Le reconfinenement lié à la propagation du coronavirus en France est venu une nouvelle fois modifier le protocole sanitaire en entreprise, texte de référence pour les entreprises dans le contexte de crise sanitaire actuel.

Le télétravail à 100% partout où cela est possible

Si jusqu’à la semaine dernière, le télétravail à 100% était fortement encouragé, il devient désormais obligatoire, pour tous les salariés qui peuvent exercer leur travail à distance. Il est ainsi interdit pour l’employeur d’imposer à un salarié de se rendre sur site, si sa fonction lui permet de télétravailler. Un salarié qui ne souhaite pas télétravailler ne peut pas non plus demander à continuer à se rendre à l’entreprise.

Elisabeth Borne, ministre du Travail, a déclaré le 2 novembre que la responsabilité des employeurs serait engagée partout où la règle concernant l’obligation du télétravail n’est pas respectée. Des mesures pourraient d’ailleurs être prises à l’encontre des entreprises réfractaires.

Si le protocole sanitaire n’est pas en soi un texte de loi contraignant, l’employeur a toutefois l’obligation de le respecter, car il fait état de mesures de protection des salariés, une prérogative de l’employeur. En effet, d’après l’article 4121-1 du Code du travail, l’employeur a obligation de prendre toutes « les mesures nécessaires pour assurer la sécurité et protéger la santé physique des travailleurs ».

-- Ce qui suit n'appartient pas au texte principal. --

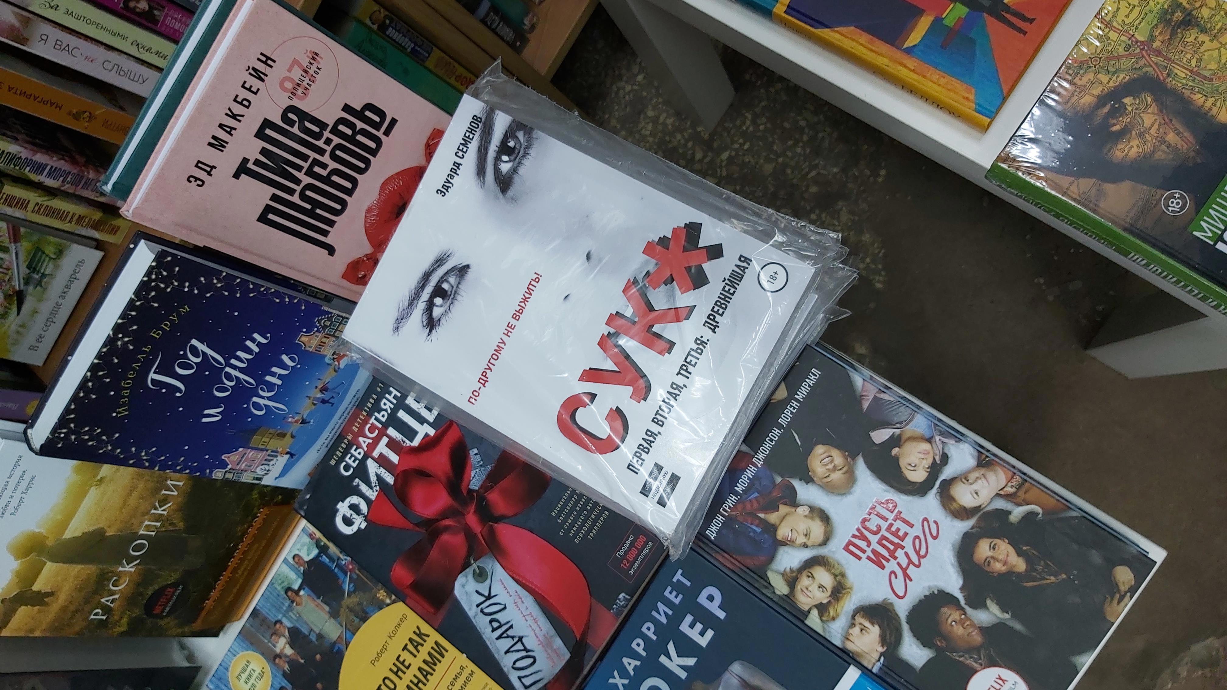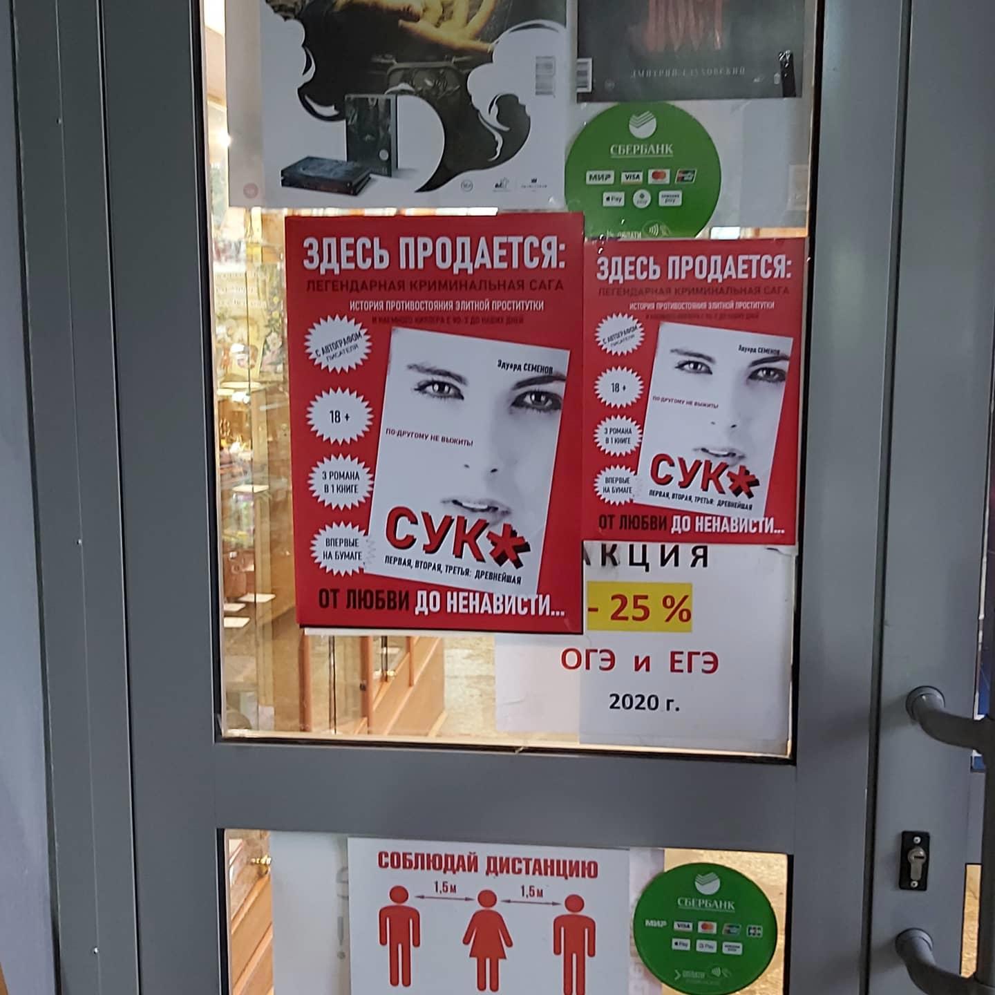 Тоже самое и с книгами. Чтобы знать, где продается легендарная криминальная сага "Сук*:по-другому не выжить!" и понять как же она выглядит на книжной полке в книжном магазине выкладываю фото плаката на дверях магазина и собственно самого магазина.

Dans le cadre de l’épidémie de Covid-19, cette prérogative se traduit par l’obligation de respecter le protocole sanitaire mis en place par le gouvernement français. Le protocole sanitaire indique également que l’employeur a vocation à fixer les règles applicables « dans le cadre du dialogue social de proximité, en veillant au maintien des liens au sein du collectif de travail et à la prévention des risques liés à l’isolement des salariés en télétravail ».

Pour les postes où le télétravail n’est pas possible

Dans les situations où le télétravail n’est pas possible, le travail doit être aménagé afin de garantir au maximum la protection des salariés.

Dans le cadre du confinement et pour les salariés obligés de se rendre sur leur lieu de travail, l’employeur doit mettre en place « une organisation du travail qui réduit les déplacements domicile-travail » et un « aménagement du temps de présence en entreprise pour réduire les interactions sociales ». Concrètement, cela veut dire que l’employeur doit lisser les horaires d’arrivée et de départ des salariés afin de limiter les affluences en heure de pointe et les présences simultanées sur site des salariés ne pouvant télétravailler.

Les consignes relatives au port du masque, à la distanciation physique et aux règles sanitaires déjà existantes avant le confinement restent également d’actualité au sein des entreprises, afin de contenir la propagation du covid-19 en France.

L’attestation de déplacement, toujours d’actualité

Téléchargeable sur le site du gouvernement, l’attestation de déplacement est à nouveau en vigueur pour les salariés devant se rendre sur leur lieu de travail. Cette attestation doit être transmise par l’employeur à son salarié et doit être établie pour une durée limitée. Elle permet au salarié de se déplacer entre son domicile et son lieu de travail ou afin d’effectuer les déplacements professionnels qui ne peuvent être différés. Les indépendants doivent quant à eux télécharger l’attestation de déplacement dérogatoire, également téléchargeable depuis le site du ministère, et cocher le premier motif de déplacement pour pouvoir effectuer leurs trajets professionnels s’ils ne peuvent pas télétravailler.